Apprendre le Québec", à l'intention des futurs et nouveaux arrivants. On peut y faire une évaluation plus éclairée de ce qui est montré par le Ministère.
Troisièmement, je rappelle à mon ami Renart et aux autres nationalistes tentés par le désir de trouver des boucs émissaires, que ce sont les Péquistes, avec André Boisclair au Ministère, qui ont mis la
chainsaw dans les programmes et organismes en francisation. Encore aujourd'hui, on francise les enfants mais pas les parents. Comment voulez-vous qu'il y ait une certaine cohésion dans l'intégration? D'autre part, il est difficile d'évaluer que le français soit menacé au Québec, puisque les études en ce sens se suivent et se contredisent. En ce qui concerne mon ami Renart, j'oserais dire que la source de ses frustrations, c'est de vivre dans un quartier très pauvre, et de faire l'expérience de la culture des exclus, ou l'anti-culture.
Ces immigrants, diplômés et qualifiés, qui ramassent les jobs de merde, qui vivent dans les taudis, qui gèlent l'hiver, qui livrent nos pizzas, qui font du 80 heures semaines pour nourrir plusieurs enfants, se font aussi chier dans la vie. L'heure n'est pas à chercher les coupables, mais à identifier un projet commun.
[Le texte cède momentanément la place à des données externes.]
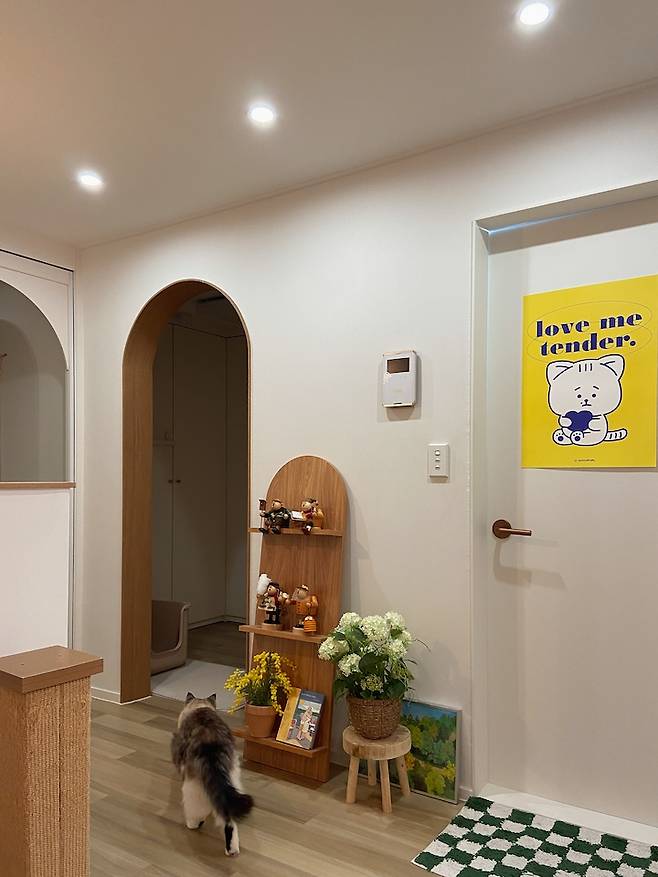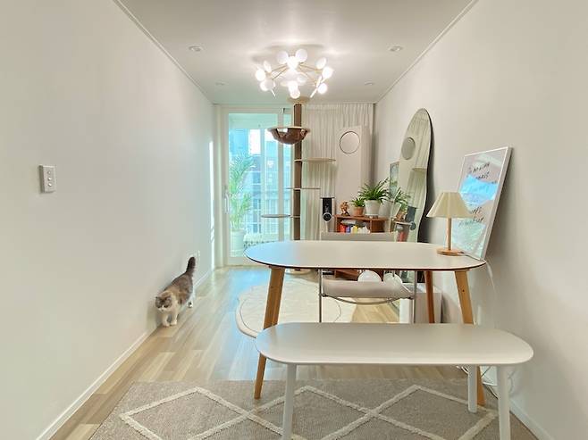 테이블에 앉아서 거실을 바라보면 달래를 위한 캣폴이 설치되어 있어요. 달래는 주로 캣폴 위에 올라가서 쉬거나 잠을 자는데요. 그 덕분에 낮에 업무 보다가 고개를 들면 달래가 자고 있는 모습을 보며 잠시나마 힐링을 할 수 있어요.

Je parie 100$ avec quiconque que le jour ou le nombre de Québécois de souche souverainistes dépassera le nombre de (québécois de souche+ anglophones fédéralistes), énormément d'immigrants voteront OUI s'ils sont inclus dans le projet.
J'ai deux textes que je veux proposer à Renart et tous les autres "Saints Martyrs Québécois", textes qui , selon moi, remettent les choses en perspective. Si, après ces lectures, ils veulent poursuivre leur "dramatisation", j'aurai fait ce que j'ai pu.
L'un est une
entrevue du journal Voir avec l'avocat Julius Grey, qui explique très bien l'importance des accomodements raisonnables pour une intégration mieux réussie des immigrants.
L'autre est de Lysiane Gagnon, qui mériterait mon titre d'Humaine de la semaine, pour un texte d'une lucidité rafraîchissante par les temps qui courent. "La fausse crise" met le doigt sur le même bobo que moi, à savoir la montée en épingle par certains journalistes d'évènements futiles qui crée un débat de société potentiellement explosif, et des leaders qui (tiens tu m'étonnes) s'en lavent les mains.
Évitons de tomber dans un piège grossier. Nous valons mieux que ça.
Oh, et, by the way, l'occasion est tellement belle pour le PQ d'aller se chercher un peu de couleur pour les partielles de Bourget et Pointe aux trembles. Ça montrerait un peu l'exemple.